Segment Start: RECORDED INFORMATION

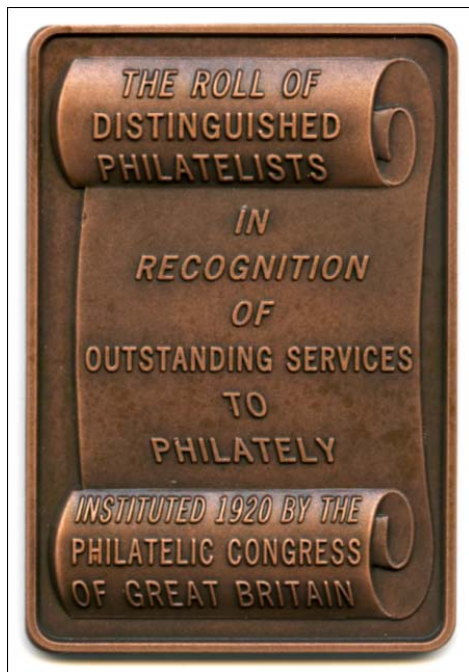
O: The RDP Placquette awarded to every Signatory
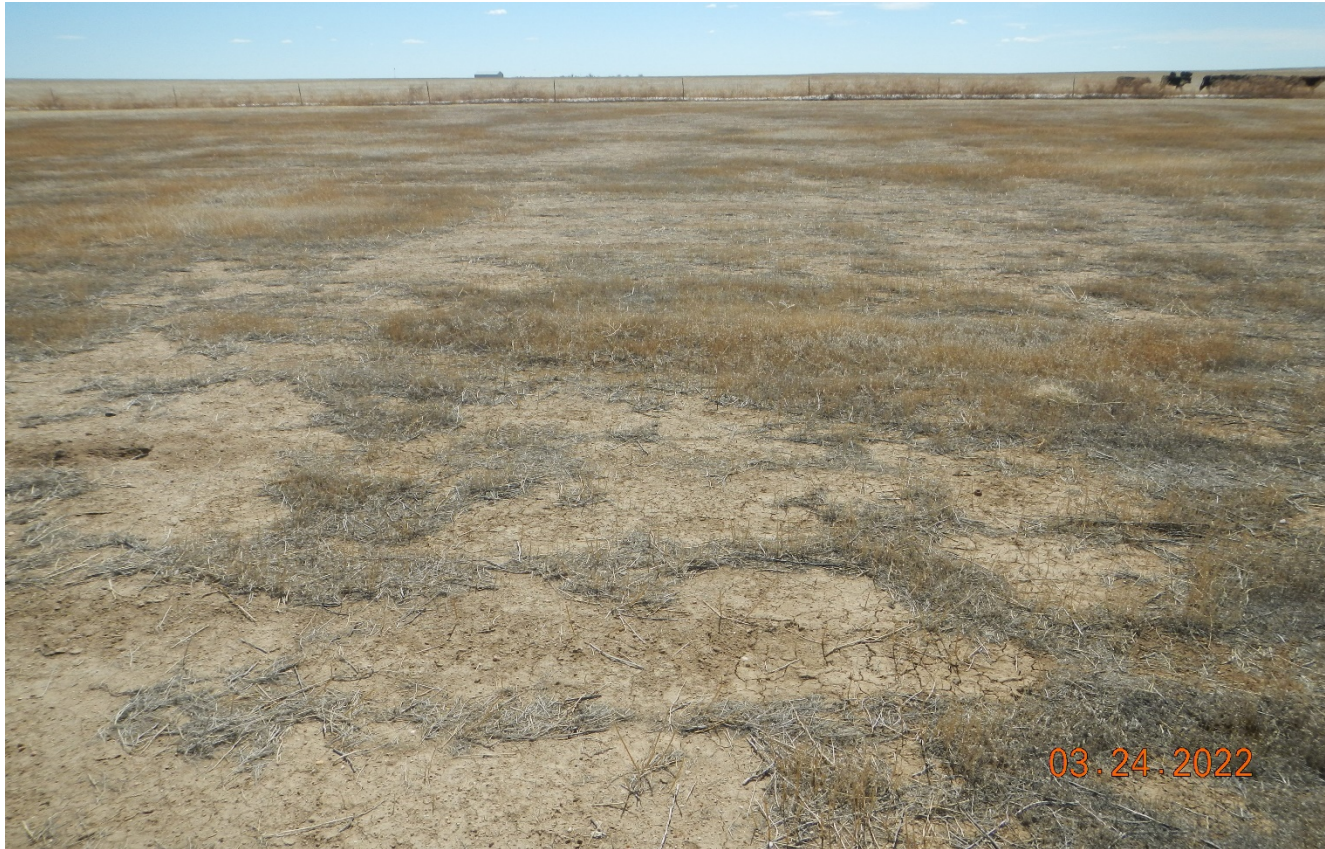
Photo 5. Center of the location facing south. There are undesirable weeds throughout the location. Mowing has been performed but additional reseeding will need to be performed.
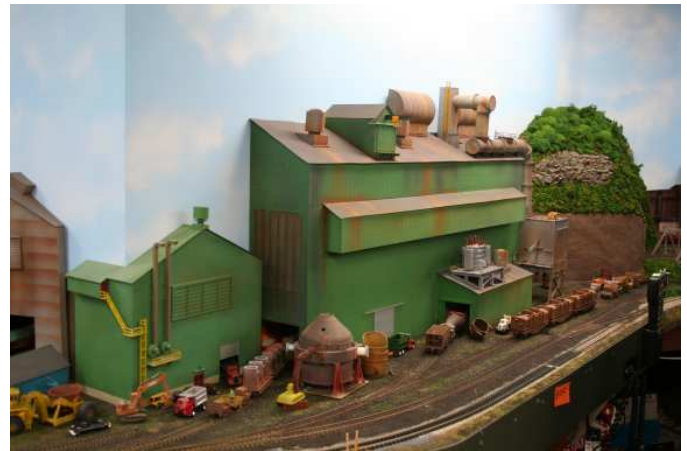
Dave Moltrup's basic oxygen furnace

Segment End: RECORDED INFORMATION

Return the lines above exactly; the images are not part of the copy.

O: The RDP Placquette awarded to every Signatory
Photo 5. Center of the location facing south. There are undesirable weeds throughout the location. Mowing has been performed but additional reseeding will need to be performed.
Dave Moltrup's basic oxygen furnace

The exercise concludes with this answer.